Tuesday, July 26, 2005

Do you see OWC?

From the rant of week dept...

Recently we've been pushing sites on our network to hurry up and deploy Office 2003 already. Our original image was built with Office XP and we have had the 2003 version availble for the users to install for almost a year. It won't be mandatory until later this year due to corporate politics. However, one of the fun things we've been encountering is the lack of consistency provided by Microsoft in their OWC or "Office Web Components". Office XP shipped with "OWC10" which has a unique CLSID and does not have a version independent ProgID. Now Office 2003 Standard comes with OWC11, and Office 2003 Pro - mostly because the MS Access team couldn't get their act together - comes with OWC10 and OWC11. Guess what?
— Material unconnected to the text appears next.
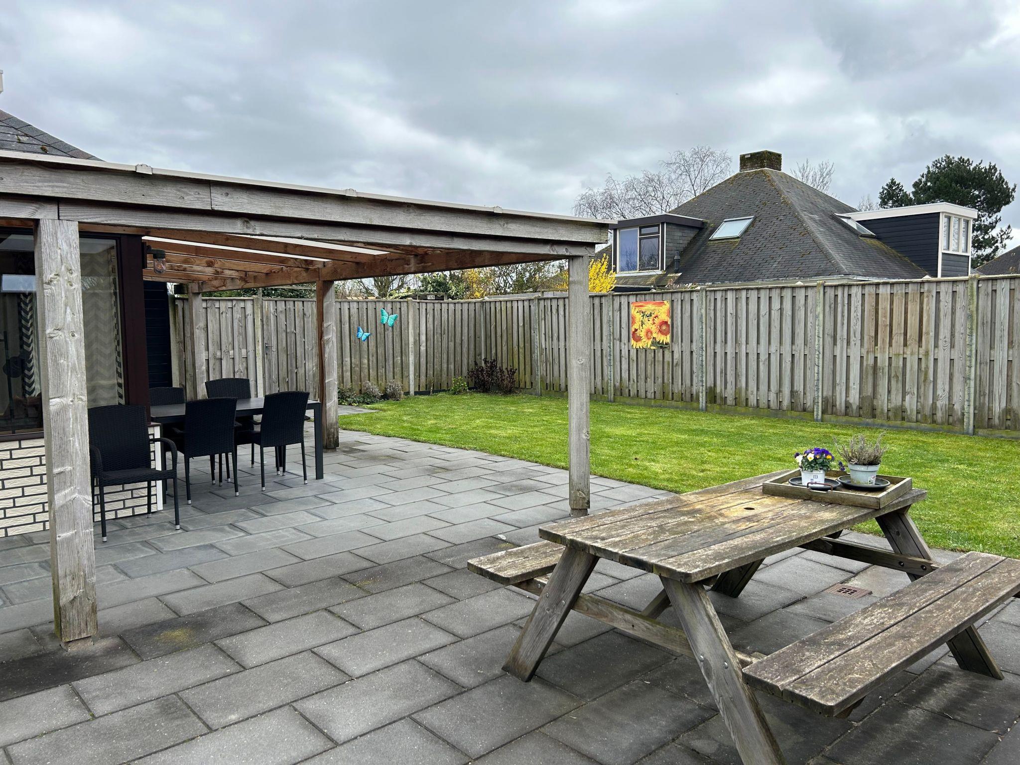 The bungalow is located on a 225 m² fully fenced plot. The covered terrace has a table with chairs and two deck chairs. A barbecue is also available.

OWC11 has a new CLSID and still has no version independent ProgID. So to instantiate them, you have to use the actual CLSID. It's created a problem for those folks who actually used the Office Web Components to do spreadsheet type things on their web sites. They end up having to change their code on their production sites to do an instantiation of the CLSID for OWC11, then check the object to see if it is == Nothing. If it is, try an instantiation of OWC10 instead. Seems a bit silly - and unfortunately the people who built the pages are never around anymore so maintenance can be iffy.

Why Microsoft, why? Why can't you create version independent ProgID's for these things like you do for say Excel? It's almost like the OWC team likes to physically hurt their customers (similar to Dilbert's boss). Couldn't those folks have just went into dentistry or something and let people who actually like customers write the OWC code?